Her face lit up. “You are smart, Stone! She would suck the thread to make a point, so it would go through the eye.”
“Exactly, and then tie it in a little knot. I asked if I could have it. She agreed and so I lawfully removed a sample of her DNA. What was the result, Frank?”
“I have it in my office. I’ll send it to you later by email, but I can tell you that there is a very close family relationship, such as brother and sister, between Mary Browne and the man who raped and murdered Sue Benedict. He was her brother.” He shrugged. “If Cyril was her only brother, then Cyril killed Sue Benedict.”
“Holy cow, Stone!” Dehan stared at me with wide eyes. “So that’s it, you solved the case…”
I shook my head. “Not quite. There are a lot of loose ends to be tidied up. Like why Fernando was murdered, and by whom. We are not there yet.”
“Well, he clearly wasn’t murdered by Cyril. You figure a woman, Frank?”
“In all probability. In all my years doing this job, I have never seen a man stab to the heart, in the back, in an embrace. Typically, men will stab low to the gut or the solar plexus, up under the rib cage. Even in an embrace. Women kill a lot less than men, and they are typically devious when they do, because usually they are aware that their intended victim, if he is a man, is physically stronger than they are. I have never seen a man kill like this.”
Dehan shrugged. “A woman with a motive for stabbing Fernando in the heart.

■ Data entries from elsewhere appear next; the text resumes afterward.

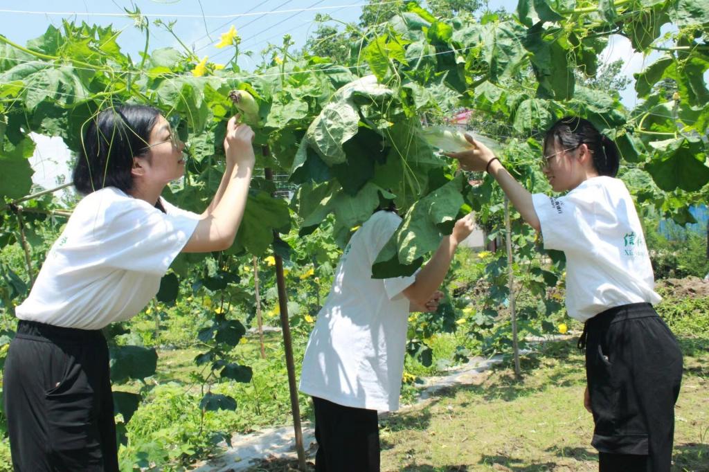 实践团成员们走进白玉丝瓜田地,帮助村民浇水、除草、施肥、套袋、掐秧等农活。白玉丝瓜在生长过程中,需要及时浇水,保持土壤湿度;及时除草、施肥、掐秧,保证果实的质量和产量。这些农活给村民带来很大的困扰,成员们用勤劳的双手帮助村民解决田间农活,减轻村民的劳动量,提高村民的生活幸福感。
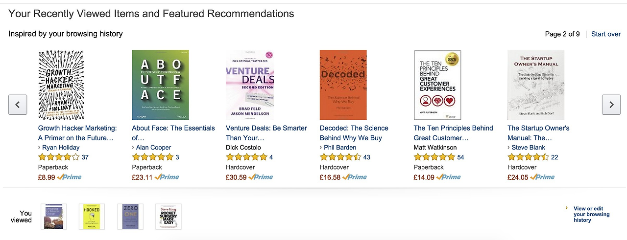 아래는 아마존의 Recently Viewed items의 예시인데요. 사용자가 한번 방문한 적이 있는 제품을 보여주어 다시 한번 검색할 필요 없이 바로 접근할 수 있도록 해주고 있습니다.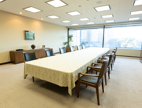 相手国の首脳などを招き、出融資契約の調印式を執り行う調印室。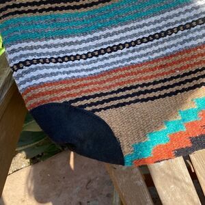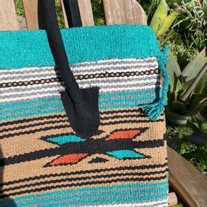 Southwestern style ladies tote purse. Handwoven classic Southwest designs in vibrant, rich colors. Carry your essentials in style! These versatile bags provide room for all your needs and accessorize your ensembles. Durable suede handles and corner accents. Large inner pocket with zipper, cloth lining, and a magnetic snap closure for top of bag.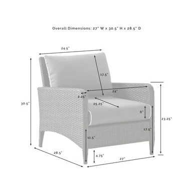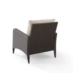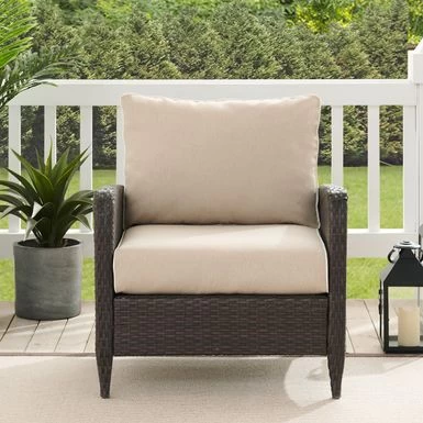 Sit back and relax in the comfortable Kiawah Outdoor Wicker Arm Chair. Crafted with elegant, all-weather resin wicker woven over a durable powder-coated steel frame and UV/fade resistant cushions, this outdoor arm chair is perfect for lounging and entertaining. With its plush piped cushions, deep seats, and stylish design, it’s a sophisticated addition to any outdoor setting.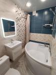 В комнате установлена современная двуспальная кровать и телевизор. Совмещенный санузел оборудован ванной. В квартире есть гардеробная для удобного хранения вещей.
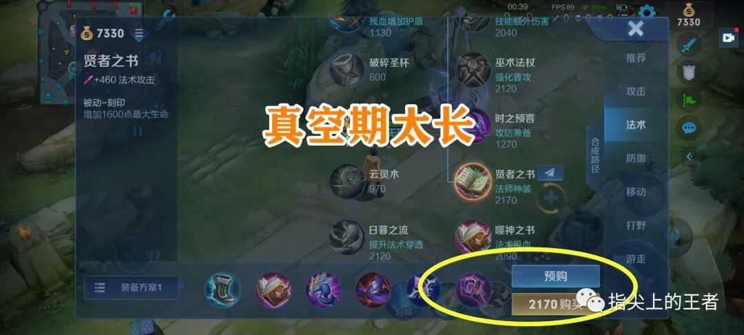 鞋子、回响、面具、帽子、法穿杖、贤者之书,很多法师的装备都是这一套,其中面具和法穿杖可能会换成吸血书或者日暮之流,可以看到,大多数情况贤者之书要么不出,但凡要出都是放在了最后一件,而这件装备的合成件是两个大棒,剩下一个格子只能出一个,那么就意味着你要憋2170金币,一个复活甲的经济才能买出大书,期间只有120法强而已。

Hum, let me see.” She puffed out her cheeks and blew. “Let’s face it, that’s not a small pool of suspects, but chances are we’re going to get a hit on CODIS because, as you would say, Stone, two gets you twenty she’s one of the hookers he’s beaten up.”
I nodded. “That would be the obvious explanation.”

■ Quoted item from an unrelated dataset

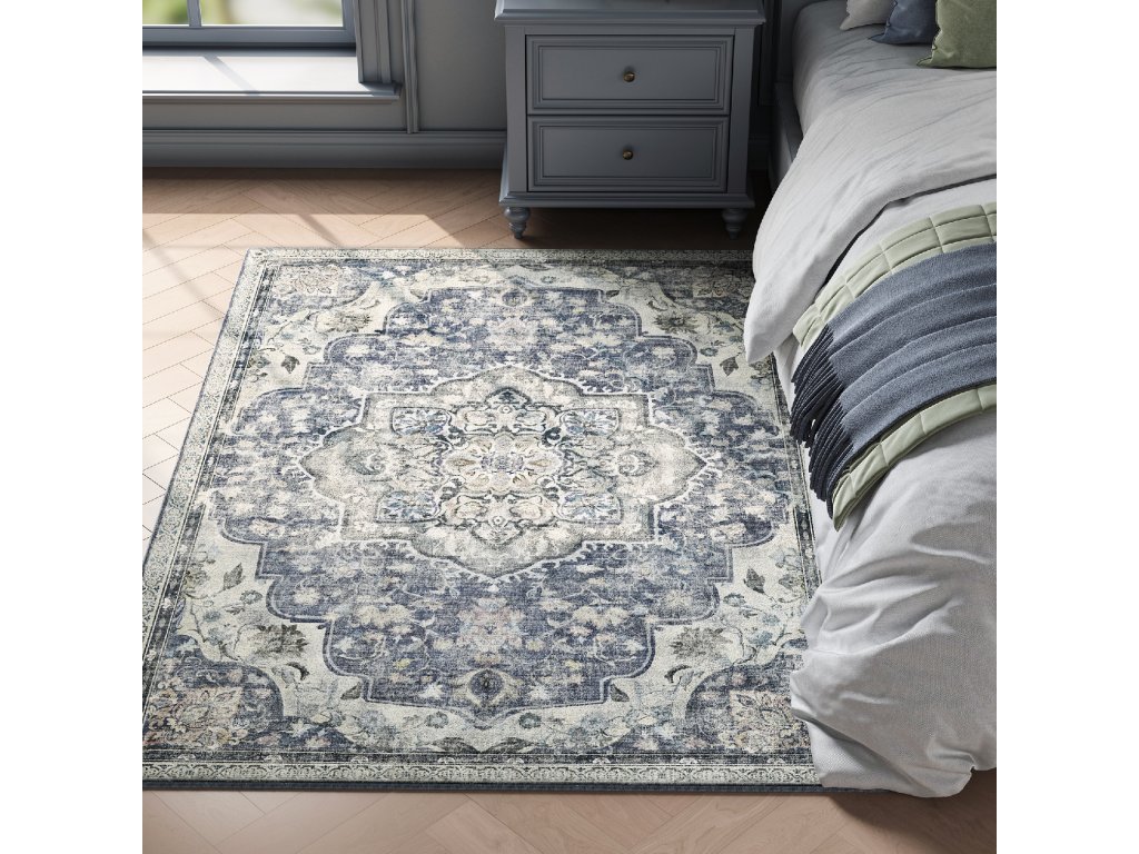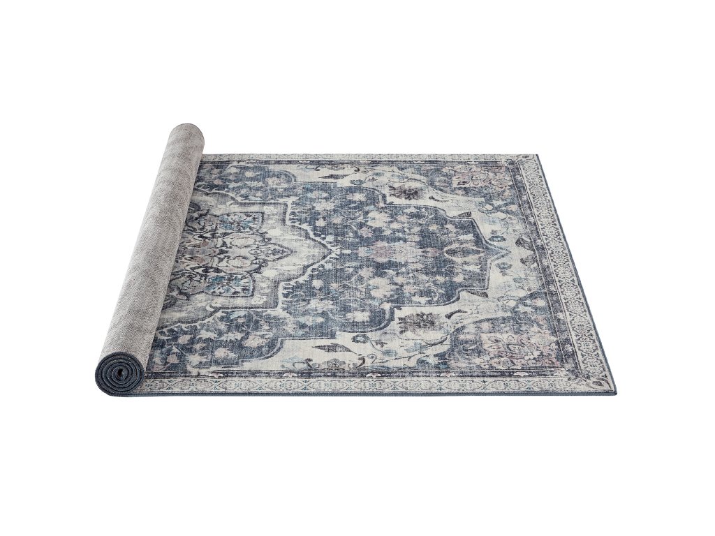 Koberec do obývacího pokoje 120 x 170 cm, protiskluzový koberec, tradiční vintage styl, lze prát v pračce, šedý.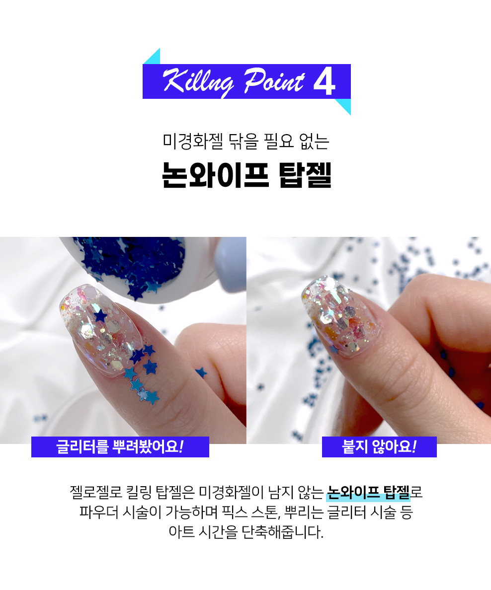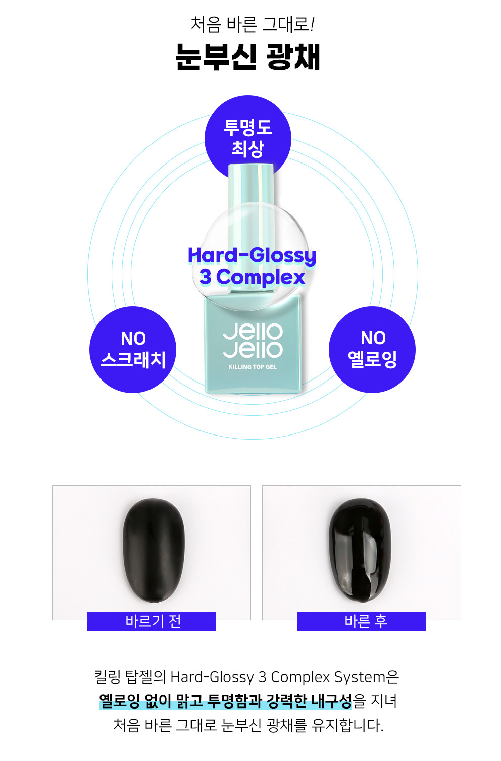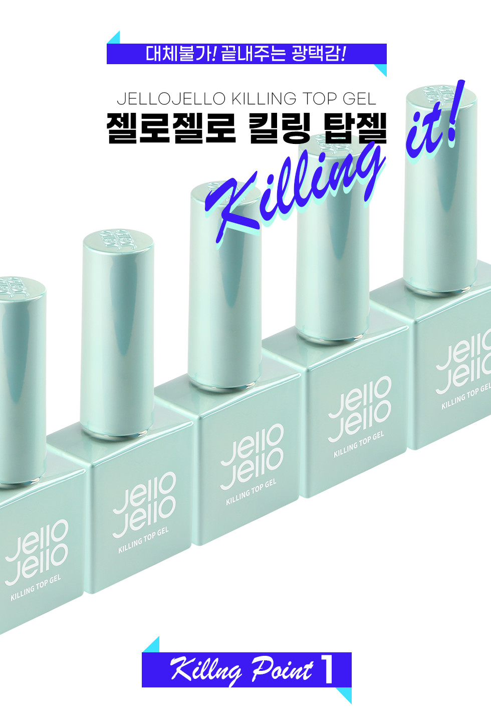 A premium non-wipe top gel from Korean brand JelloJello that delivers exceptional shine and long-lasting protection for your gel nail art. This killing top gel provides a glass-like finish without the need to wipe off uncured residue after curing.

“Don’t complicate this, Stone.” She grinned and wagged a finger at me, “Entia non sunt multiplicanda praeter necesitatem.”
Frank went rigid and stared at her. “What have you done to her, Stone? She’s broken.”

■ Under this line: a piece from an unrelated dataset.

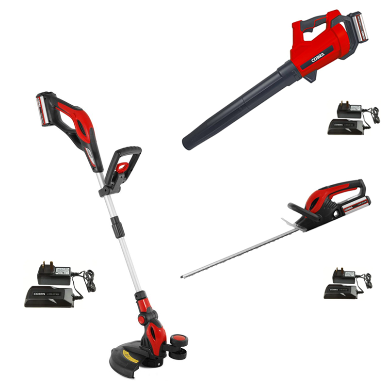 Cobra 3pc Bundle (Grass Trimmer, Hedge Trimmer, Leaf Blower, 3x 2.0Ah Batteries, 3x Chargers)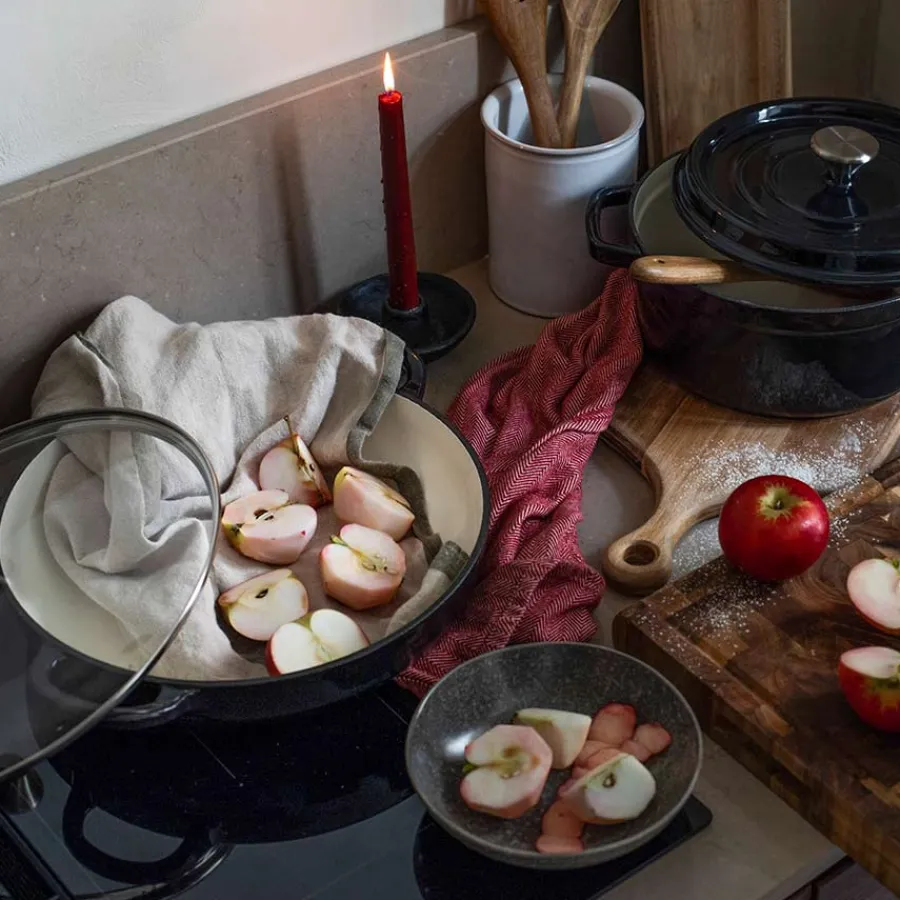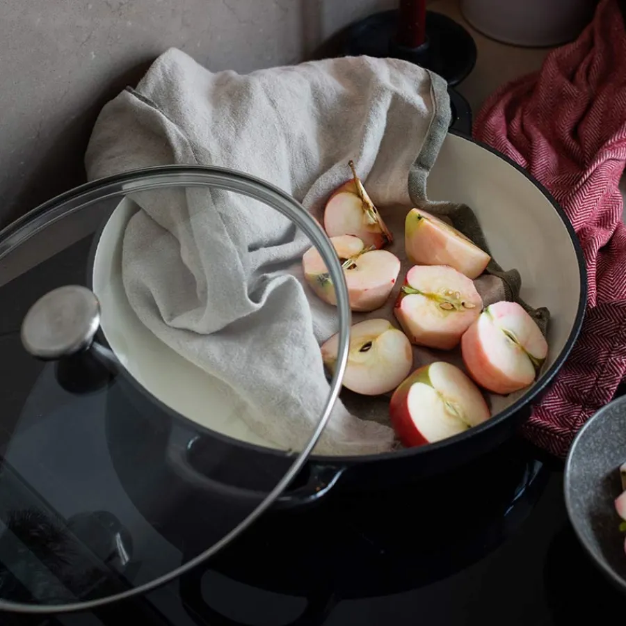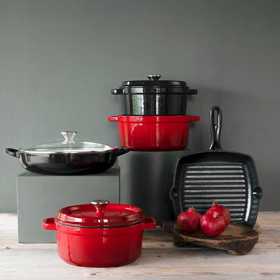Lav støpejernsgryte i svart fra Christiania 1739. Gryten er utstyrt med glasslokk som lar deg ha større kontroll på maten mens den står på kokeplaten, og er fremstilt i emaljert støpejern som sikrer en svært god og jevn varmefordeling. Materialet holder godt på varmen, selv etter koketoppen er slått av. Håndvask av støpejernsgryten anbefales. Bruk ikke metallbørste eller skurebørste da dette kan skade emaljen.

I laughed. “It’s Occam’s razor in the original Latin. She does it to annoy.”
“It means,” she said, “things should not be multiplied beyond what is necessary. In other words, don’t complicate things.”
“That is true,” I said. “And William of Occam was a very wise man indeed. But are you sure you are looking at the simplest answer? Are you sure you are not complicating things unnecessarily?”
She crossed her arms. “OK, genius, what’s your theory?”
“I must say,” put in Frank, “I am pretty curious to hear it myself. If this man beats up women for fun, it’s a cinch one of those women killed him.”
I shook my head. “Uh-uh, I plan to wait for the DNA results and then say, ‘See? I knew it!’”
Frank sighed. “I always said he was a fraud. Now please get out. I have places to be and people to dissect. I shall call you when I get the results.”
We left him to his dissecting and made our way out. In the lobby I stopped, called the station and asked to be put through to Clay. It rang a couple of times and a deep voice said, “I told you we got this, mother hen,” then laughed. “What do you want, Stone?”
“I believe you. Has he said anything?”
“Like what?”
“Like any kind of confession?”
“Nah, he just regalin’ us with wild stories of wild parties, cocaine and crazy chicks. I missed my vocation, man. I gonna hand in my badge and become a cocaine traffickin’ artist.”
“I’m sure you’ll prosper. Anyone call, visit, ring at the door…?”
“No.”
“OK, we’re on our way to the station. I’ll talk to the inspector and…” I thought for a moment. “Yeah, what the hell, we’ll bring him in.”
“Ten four, man. We’ll be waitin’ for your call.”
I hung up and Dehan said, “Bring him in for what?”
I didn’t answer straight away. Finally I gave my head a small twitch and said, “Drug trafficking, at the very least.”
I took the chains out of the trunk and put them on the wheels. The snow was getting deep on the roads. There were barely any pedestrians and the traffic had thinned out to the odd, sporadic vehicle crawling through the gossamer veils of falling flakes.
It took us a good forty minutes to get to the station and by the time we had collected two cups of coffee and climbed the stairs to the inspector’s office, we were cold, tired and pretty miserable. His office was warm and he was, as always, welcoming.
“What an appalling night to be out solving murders! Tell me, I have been going over the original report and I am intrigued, how are you getting on? How is it going? Sit! Sit!”